Yeah I just saw that..anyone know more on this than what's in the CNN report?


----------



## hfwarner3 (Feb 19, 2008)

JGex said:


> Well, I'll say this..... you sure do have a lot more faith in your employer and the "system" than I do.
> 
> I'll say it... just like the Great Depression, "our" money has been loaned out and invested and when those investments come tumbling down I do not expect the govt to have enough physical $$ to get everyone their cash. It's all a ponzi scheme.
> 
> ...


Hey, don't get me wrong. The U.S. Dollar is a fiat currency based on debt instruments created by the Federal Reserve. The only reason it is anything more than a piece of paper is because people BELIEVE it is worth more than a piece of paper. 

So yes, I work in the Banking industry and see that there are safeguards in place, but I am still into homesteading, own gold and silver coins, seek to be self-sufficient for food, etc. Sooner or later, the U.S. economy WILL collapse (my personal belief, not the opinion of my employer) because it is based on a debt-based economy that is controlled by a goverment that can not control its spending. Just because you build a dam doesn't mean that it is going to stop the tsunami.


----------



## hfwarner3 (Feb 19, 2008)

Yes, 100 - 200 smaller banks are going to go under if things don't change. While I feel bad for those banks and the people they employee, it is the top 20 U.S. banks that matter. If any of these 20 go, get worried.

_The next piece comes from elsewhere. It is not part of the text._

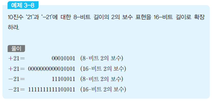 반면에, 2의 보수인 경우에는 확장되는 상위 비트들을 부호 비트와 같은 값으로 세트해야 된다. 즉, 양수의 경우에는 모든 상위 비트들을 0으로 세트하고, 음수의 경우에는 1로 세트한다. 이것을 부호-비트 확장이라고 부른다.

Institution Name - State Headquartered - No. of Offices - Total Deposits June 30, 2007 
Bank of America - North Carolina - 5,728 - 596,584,899 
JPMorgan Chase Bank - Ohio - 3,108 - 439,996,000 
Wachovia Bank - North Carolina - 3,103 - 314,850,000 
Wells Fargo Bank - South Dakota - 3,255 - 263,664,999 
Citibank - Nevada - 1,036 - 210,289,000 
Washington Mutual Bank - Washington - 2,180 - 202,706,306 
SunTrust Bank - Georgia - 1,747 - 114,579,848 
U.S. Bank - Ohio - 2,590 - 113,097,080 
Regions Bank - Alabama - 2,087 - 88,388,815 
Branch Banking and Trust Company - North Carolina - 1,484 - 83,720,251 
National City Bank - Ohio - 1,451 - 82,374,824 
HSBC Bank USA - Delaware - 455 - 75,342,071 
World Savings Bank, FSB - California - 287 - 73,247,967 
Countrywide Bank - Virginia - 2 - 60,616,621 
PNC Bank - Pennsylvania - 836 - 59,188,198 
Keybank - Ohio - 965 - 57,286,597 
ING Bank, fsb - Delaware - 1 - 54,161,553 
Merrill Lynch Bank USA - Utah - 3 - 51,601,084 
Sovereign Bank - Pennsylvania - 745 - 49,134,698 
Comerica Bank - Michigan - 395 - 41,797,801 

The bank I am keeping my eye on right now in Washington Mutual. They are in trouble, but I think the Fed would cut a behind-the-scenes deal for them to be bought out before they would be allowed to go under. 

(Hey, didn't he say he works for a top 10 bank and works at corporate headquarters in Atlanta? I wonder which bank he works for?) :cowboy:


----------



## Aintlifegrand (Jun 3, 2005)

hfwarner3 said:


> Yes, 100 - 200 smaller banks are going to go under if things don't change. While I feel bad for those banks and the people they employee, it is the top 20 U.S. banks that matter. If any of these 20 go, get worried.
> 
> Institution Name - State Headquartered - No. of Offices - Total Deposits June 30, 2007
> Bank of America - North Carolina - 5,728 - 596,584,899
> ...



Do you follow the Fed's slosh fund? The amount that the fed has loaned to the banks ( these main banks...although I am thinking it was only 12).. it is extremely high today...It gets higher and higher...and my concern is how long can the Fed keep loaning to the banks to cover their reserve requirements/ and illiquidity problems and still cover the US debt...they can't print endless amounts of dollars.. that's all controlled by the treasury...at what point does the Fed dump the banks in order to service the US debt?


----------



## hfwarner3 (Feb 19, 2008)

Aintlifegrand said:


> Do you follow the Fed's slosh fund? The amount that the fed has loaned to the banks ( these main banks...although I am thinking it was only 12).. it is extremely high today...It gets higher and higher...and my concern is how long can the Fed keep loaning to the banks to cover their reserve requirements/ and illiquidity problems and still cover the US debt...they can't print endless amounts of dollars.. that's all controlled by the treasury...at what point does the Fed dump the banks in order to service the US debt?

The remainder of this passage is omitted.